In state B the filter builds a complete DOM subtree of the new element
according to the incomming events.  No events are passed to Handler at
this stage. When the subtree is complete (i.e. the corresponding
end-tag is encountered), the callback associated with the XPath
expression that matched is executed.  The root element of the subtree
is passed to the callback subroutine as the only argument.

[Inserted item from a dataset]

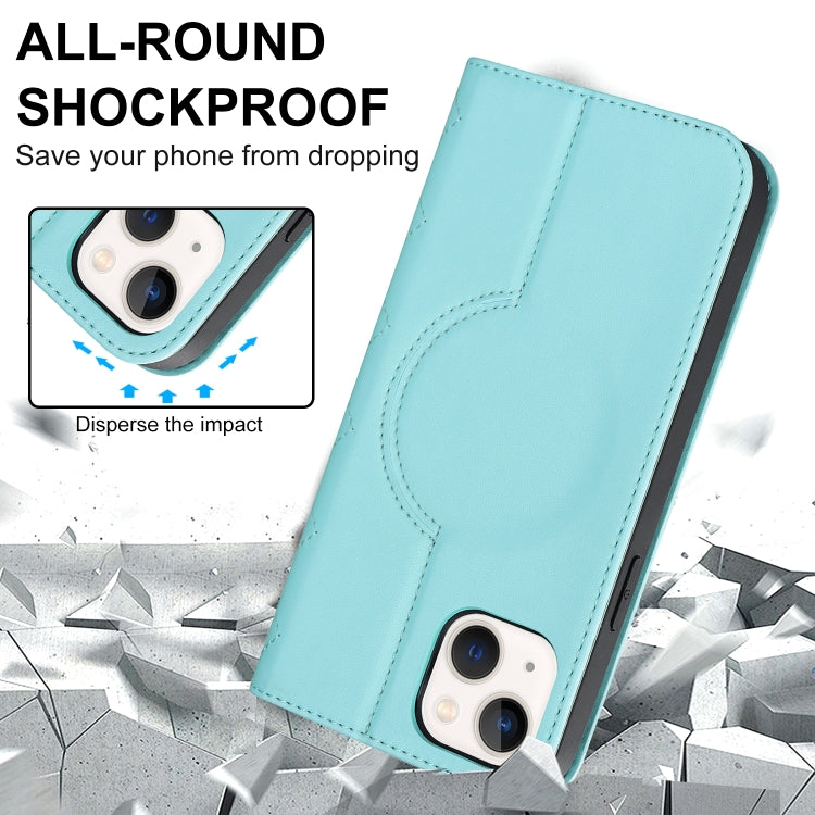 Funda para iPhone 14 Rhombic Magsafe Rfid Antirrobo de Cuero (Azul Cielo)

The callback is allowed to do any DOM operations on the DOM subtree,
even to replace it with one or more new subtrees. The callack must,
however, preserve the element's parent node as well as all its
ancestor nodes intact. Failing to do so can result in an error or
unpredictable results.

When the callback returns, all subtrees that now appear in the
DOM tree under the original element parent are serialized to SAX events
and passed to Handler. After that, they are deleted from the DOM tree
and the filter returns to state A.

=head1 LIMITATIONS

Note that this type of processing highly limits the amount of
information the XPath engine can use. Most notably, elements cannot be
selected by their content. The only information present in the tree at
the time of the XPath evaluation is the element's name and attributes
and the same information for all its ancestors. There is nothing known
about possible child nodes of the element as well as of its position
within its siblings at the time the XPath expressions are evaluated.

=head1 METHODS

This filter is built upon
L<XML::LibXML::SAX::Builder|XML::LibXML::SAX::Builder> module.

=over 4

=item B<new>

This is the constructor for this object. It takes a several
parameters, some of which are optional.

    XML::Filter::DOMFilter::LibXML->new(
         Handler => $handler,
         XPathContext => $xpath_context,
         Process => [ XPath => Code, XPath => Code, ... ]
       );


B<Handler> - Optional output SAX handler.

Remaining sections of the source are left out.